Available data =>
______
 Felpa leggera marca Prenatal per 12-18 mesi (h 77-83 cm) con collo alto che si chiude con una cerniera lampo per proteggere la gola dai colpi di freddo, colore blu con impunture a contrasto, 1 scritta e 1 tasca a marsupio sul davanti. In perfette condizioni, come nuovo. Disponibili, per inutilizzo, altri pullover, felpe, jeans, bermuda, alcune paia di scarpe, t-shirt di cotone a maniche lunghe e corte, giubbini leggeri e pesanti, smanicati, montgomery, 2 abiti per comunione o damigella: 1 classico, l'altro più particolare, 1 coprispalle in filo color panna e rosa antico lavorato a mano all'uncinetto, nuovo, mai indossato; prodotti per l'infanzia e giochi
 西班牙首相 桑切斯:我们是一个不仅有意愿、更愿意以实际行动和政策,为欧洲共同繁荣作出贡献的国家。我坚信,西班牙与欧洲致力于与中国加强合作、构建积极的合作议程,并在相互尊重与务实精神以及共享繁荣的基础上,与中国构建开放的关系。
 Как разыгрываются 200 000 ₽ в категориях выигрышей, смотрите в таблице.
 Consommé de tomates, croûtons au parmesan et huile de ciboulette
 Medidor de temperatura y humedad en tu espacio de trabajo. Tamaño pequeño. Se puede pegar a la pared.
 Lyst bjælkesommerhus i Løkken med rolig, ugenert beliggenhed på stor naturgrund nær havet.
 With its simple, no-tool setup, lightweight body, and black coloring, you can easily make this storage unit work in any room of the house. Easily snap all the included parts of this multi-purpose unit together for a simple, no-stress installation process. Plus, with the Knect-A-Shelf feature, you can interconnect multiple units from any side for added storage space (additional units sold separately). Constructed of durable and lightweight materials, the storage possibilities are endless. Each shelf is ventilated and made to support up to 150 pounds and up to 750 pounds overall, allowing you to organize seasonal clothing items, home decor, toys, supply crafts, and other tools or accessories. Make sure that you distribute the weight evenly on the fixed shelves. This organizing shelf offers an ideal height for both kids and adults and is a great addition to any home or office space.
______
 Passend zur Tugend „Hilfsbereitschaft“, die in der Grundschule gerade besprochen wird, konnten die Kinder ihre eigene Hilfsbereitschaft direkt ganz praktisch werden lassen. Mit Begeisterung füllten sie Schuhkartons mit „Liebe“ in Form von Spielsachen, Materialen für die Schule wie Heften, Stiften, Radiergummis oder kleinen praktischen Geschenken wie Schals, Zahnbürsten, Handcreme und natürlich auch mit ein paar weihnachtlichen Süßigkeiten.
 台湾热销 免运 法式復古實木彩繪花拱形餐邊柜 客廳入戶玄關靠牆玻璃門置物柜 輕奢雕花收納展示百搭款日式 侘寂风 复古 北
______
Your answer should consist only of the lines above between the line holding "Felpa leggera marca" and the line holding "Consommé de tomates, croûtons", inclusive, each transcribed exactly.

Output below =>
 Felpa leggera marca Prenatal per 12-18 mesi (h 77-83 cm) con collo alto che si chiude con una cerniera lampo per proteggere la gola dai colpi di freddo, colore blu con impunture a contrasto, 1 scritta e 1 tasca a marsupio sul davanti. In perfette condizioni, come nuovo. Disponibili, per inutilizzo, altri pullover, felpe, jeans, bermuda, alcune paia di scarpe, t-shirt di cotone a maniche lunghe e corte, giubbini leggeri e pesanti, smanicati, montgomery, 2 abiti per comunione o damigella: 1 classico, l'altro più particolare, 1 coprispalle in filo color panna e rosa antico lavorato a mano all'uncinetto, nuovo, mai indossato; prodotti per l'infanzia e giochi
 西班牙首相 桑切斯:我们是一个不仅有意愿、更愿意以实际行动和政策,为欧洲共同繁荣作出贡献的国家。我坚信,西班牙与欧洲致力于与中国加强合作、构建积极的合作议程,并在相互尊重与务实精神以及共享繁荣的基础上,与中国构建开放的关系。
 Как разыгрываются 200 000 ₽ в категориях выигрышей, смотрите в таблице.
 Consommé de tomates, croûtons au parmesan et huile de ciboulette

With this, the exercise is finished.